Segment Open
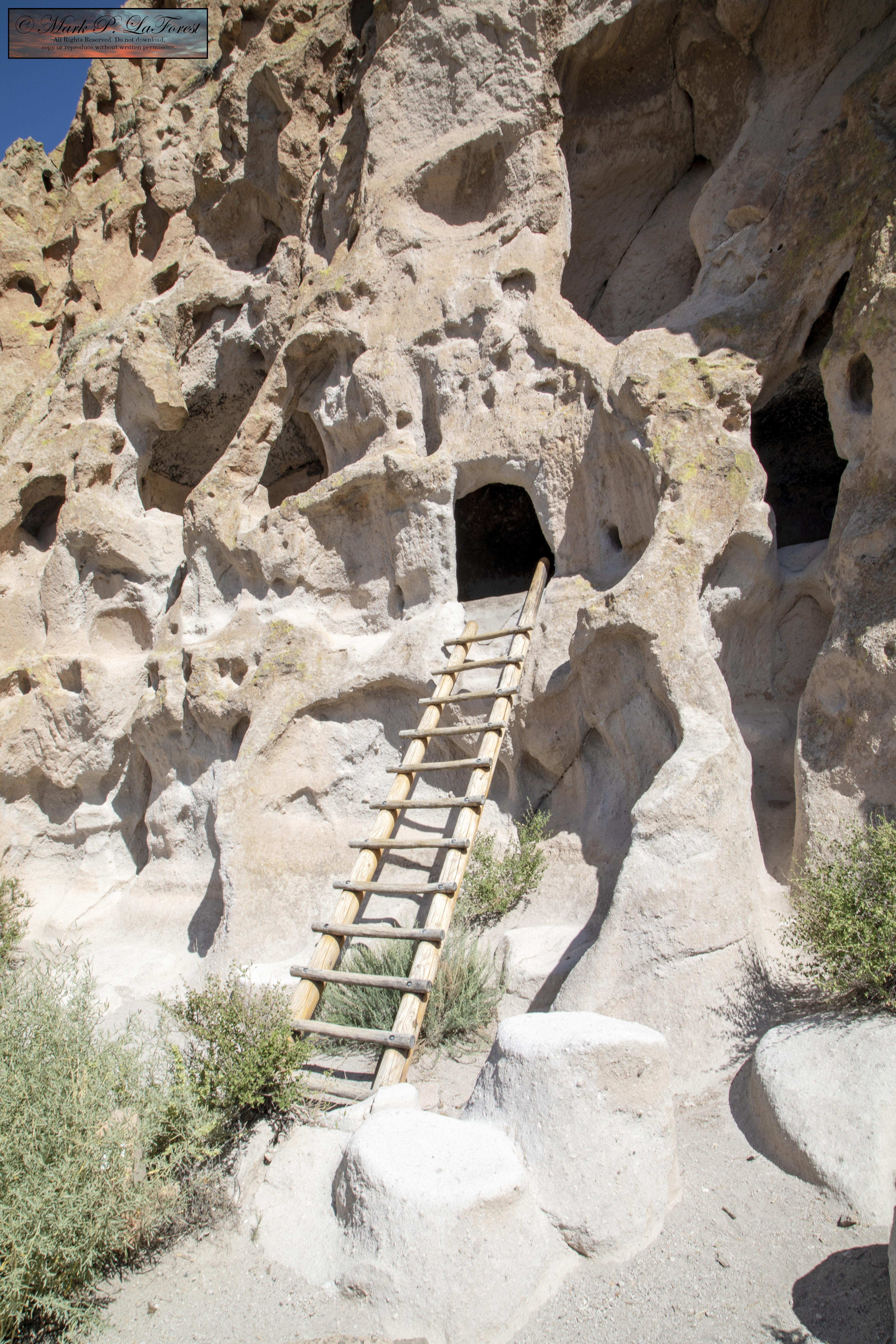 The Ancestral Puebloans carved dwellings into the soft volcanic tuff cliffs and used ladders to access them.
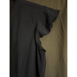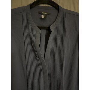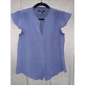 Forever 21 Button Up Top Size Small Short Ruffle Sleeved Blue Chiffon Pleated
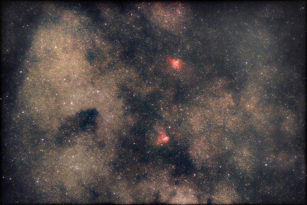 Цитата: от чего-же ! туманы хорошо проявились Хотел посмотреть как проявится гамма и 6888. Гамма относительно неплохо выделяется, а вот серп растворяется в звездах , наверное для фотографии данных объектов нужен узкополосник?
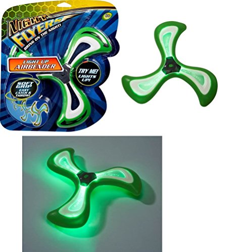 First Grip onto any wing of the Airbender, than aim and release with a flick of your wrist. Watch as it slices powerfully through the air! Then, flip the switch and the whole thing lights up bright with glowing green light for long lasting nighttime flight! Night Flyer has a Soft Rubber Grip & can flyup to 100 Yards. Fun to throw & Easy to Catch! Night Flyers, Bring on the Night!
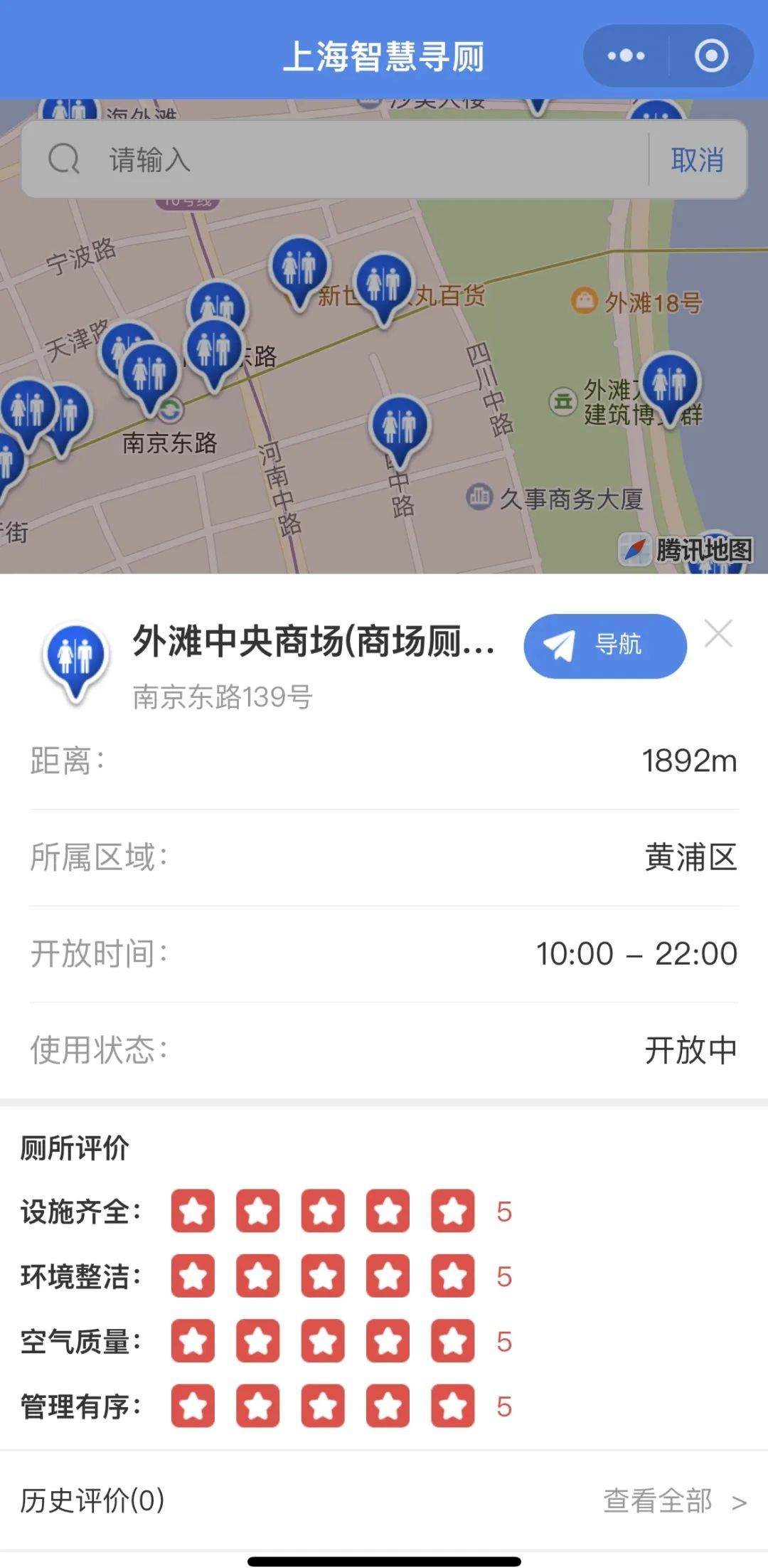 另外,黄浦区南京路—外滩区域等热门路段,为了应对大客流,小程序中也同步收录了沿线商业体及部分办公大楼厕所。
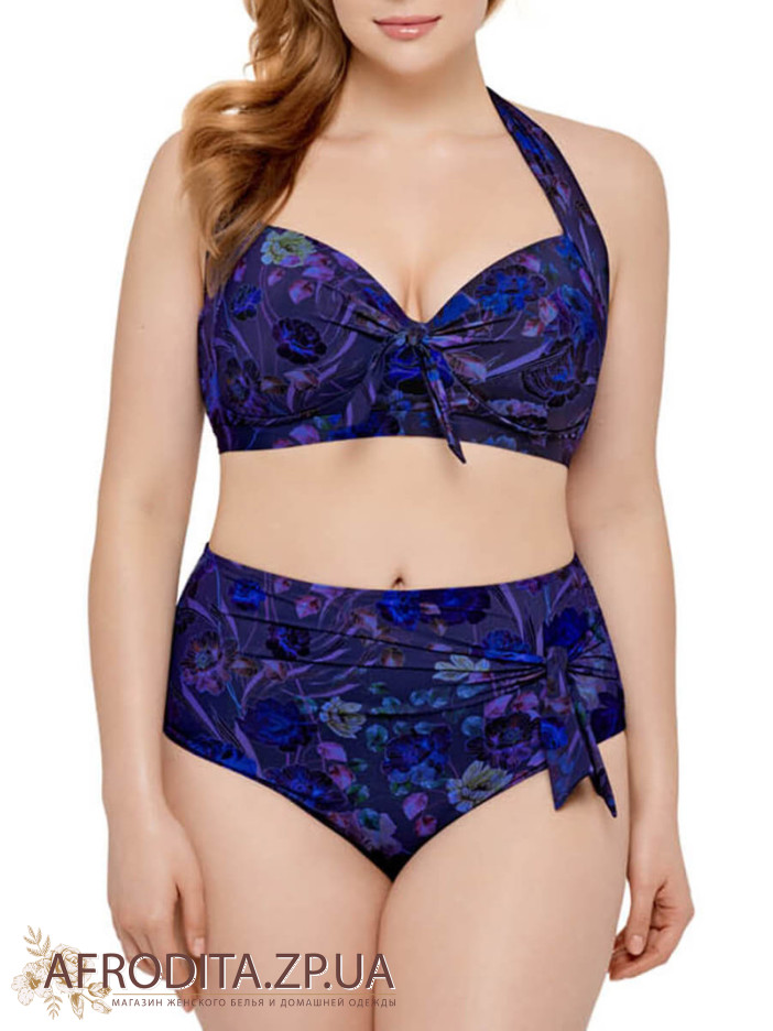 Купальник виготовлений з високоякісної мікрофібри з модним квітковим принтом. Формована чашка зі знімними коректорами «пуш-ап». Краваток бретелі навколо шиї. На спині застібка. Брифи із завищеною лінією талії. Спереду перекрут і знімний бантик.
Segment Closed
Restate word for word every line from the top of the entries above to the line with "Цитата: от чего-же", inclusive, and skip any pictures.

 The Ancestral Puebloans carved dwellings into the soft volcanic tuff cliffs and used ladders to access them.
 Forever 21 Button Up Top Size Small Short Ruffle Sleeved Blue Chiffon Pleated
 Цитата: от чего-же ! туманы хорошо проявились Хотел посмотреть как проявится гамма и 6888. Гамма относительно неплохо выделяется, а вот серп растворяется в звездах , наверное для фотографии данных объектов нужен узкополосник?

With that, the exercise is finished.